Andy Hoole Reports: Some of you may know that I’m currently deep into training for the Reykjavik Marathon at the end of August (anyone who is really bored can follow the whole sorry saga HERE) and in order to follow my plan, tried to find a suitable half marathon to act as a bit of a tune-up race. I found this particular one was being held in sunny Lytham St. Annes near Blackpool, which meant that I could combine it with a trip back home.
As a proud Prestonian, I am usually loath to go anywhere near the “Town with the Tower” just down the coast but the prospect of a fast and flat course on similar terrain and conditions to Reykjavik swayed me. So having checked my jabs were up to date, and with my Dad in tow for support, I headed off on a Sunday morning trip into the wilds of the Fylde Coast.

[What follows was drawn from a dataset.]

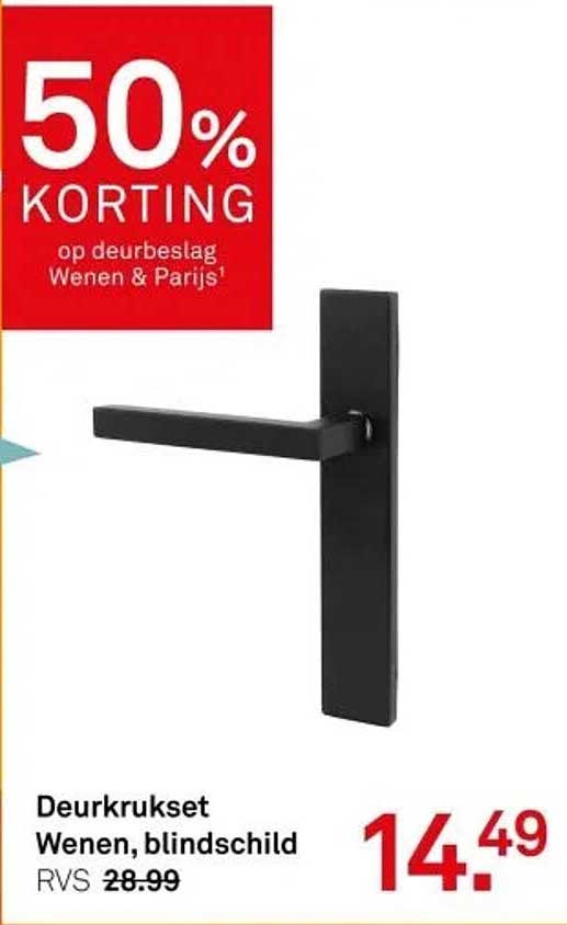 Ben je op zoek naar een stijlvolle en moderne oplossing voor je deuren? Dan is de deurkrukset Wenen met blindschild echt iets voor jou! Met deze aanbieding heb je 50% korting, en dat maakt het een ideale kans om je interieur een upgrade te geven. Deze set combineert functionaliteit met een hedendaags design, perfect voor elke ruimte in huis.
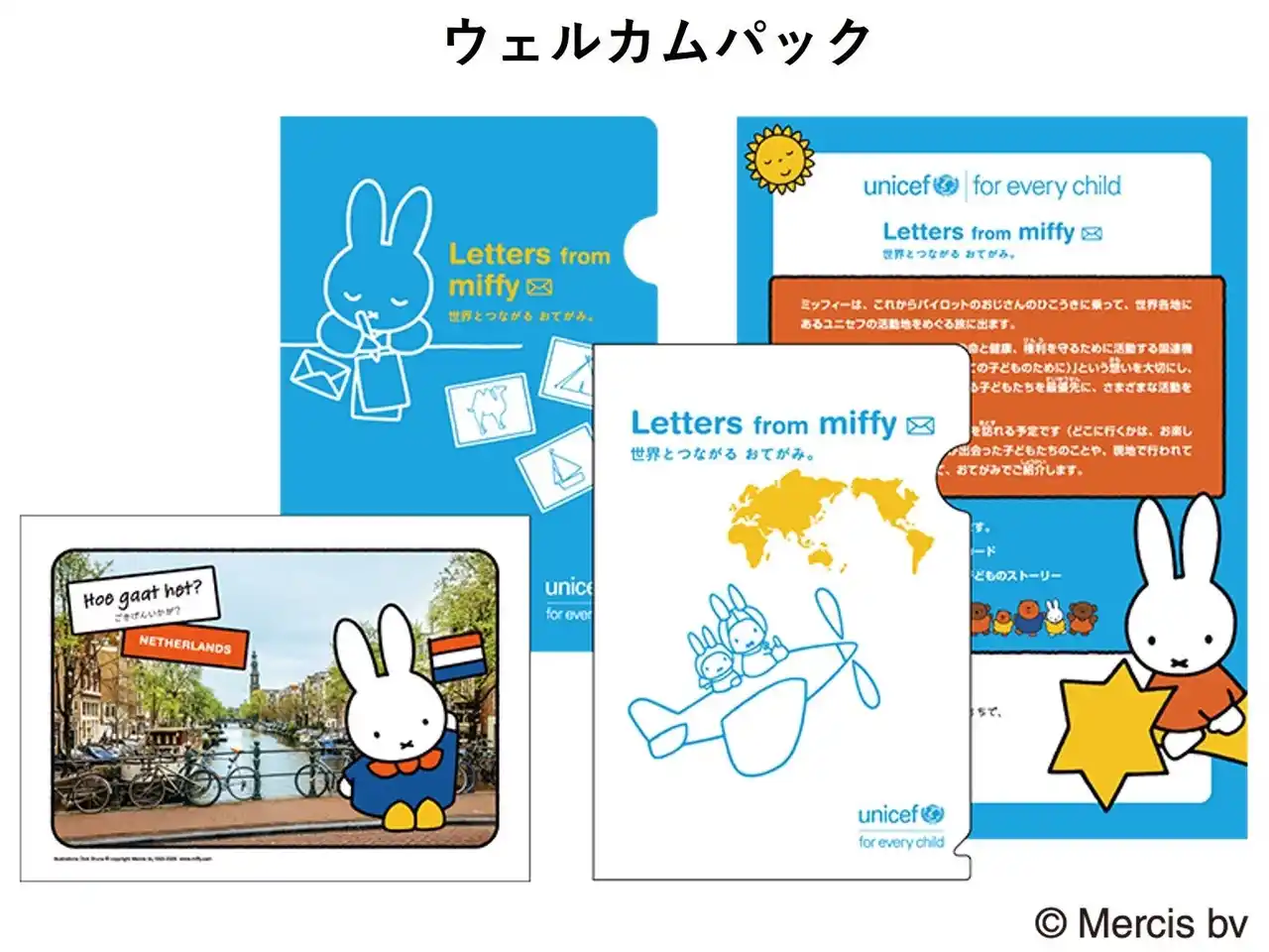 | ミッフィーの作者であるディック・ブルーナさんは、誰かの助けが必要な人たちのために自分が描いたものが役立ったらうれしい、との思いから、これまで世界各国の社会活動に協力してこられました。世界の子どもたちのために行われているユニセフの活動に対しても、例えば、日本ユニセフ協会が過去に頒布していたユニセフ製品へのイラスト使用許可をいただいておりました。このたびの「ユニセフ・マンスリーサポート・プログラム Letters from miffy」においても、世界の子どもたちへの支援の輪を広げるというプログラムの趣旨へのご賛同のもと、イラスト使用の許諾を受け、制作しております。 | |||||||||||||

The course itself was two laps, mainly around a lake and down the town promenade where we passed the disappointingly small windmill that gives the race it’s name. It attracted a big field too, just short of 700 runners. Whilst it was definitely flat – I didn’t notice any elevation apart from a tiny climb at the start – the speed could definitely be called into question thanks to a particularly strong wind blowing in off the sea.
Exactly how strong became apparent after about three miles. I had performed my usual trick of starting too far back in the field but had made good progress until we made the first turn off the promenade and were immediately hit by the strong headwind. As the course was a loop, this meant another four miles struggling into the wind and slowing considerably. As the field was thinning out, it meant that there was no one at my pace so I couldn’t shelter in a group and had to stride out on my own and try to maintain some form of momentum.
By mile seven, I thankfully turned out of the wind and had managed to build up a reasonable gap over the next runner behind me. I also realised that the chap in front of me had gone off too quickly and was now catchable, which gave me something to aim for before the next gusty section.
I caught him just before the ten-mile mark and despite my best efforts to keep attacking, knew that I wouldn’t be bothering my PB due to the conditions. I pushed hard in the last mile and dodging a few Sunday walkers, finished in 25th place in a time of 1:27:18 – about 45 seconds off my personal best. Despite this, I was really pleased with the race considering the weather. Checking on Strava afterwards, I noticed that the sections out of the wind were comfortably ahead of PB pace but were sadly cancelled out by the seven miles that weren’t!
Crossing the line, I received a special mention for being a member of a running club “from the Midlands” – obviously not used to visitors in this part of the world! I was also given what I think is probably the best medal I’ve ever had – a large replica of a windmill (almost as big as the real one we ran past) with actual spinning sails. I’m pretty sure you’d struggle to find a better race medal, but I’m ready to be proved wrong.
Overall, a pleasing day out that has hopefully given me a bit of a race boost prior to the big marathon. It’s a really well organised event with potential for a fast time if the North West Weather Gods are in a good mood.
To be honest, it’s probably worth the trip just for the medal!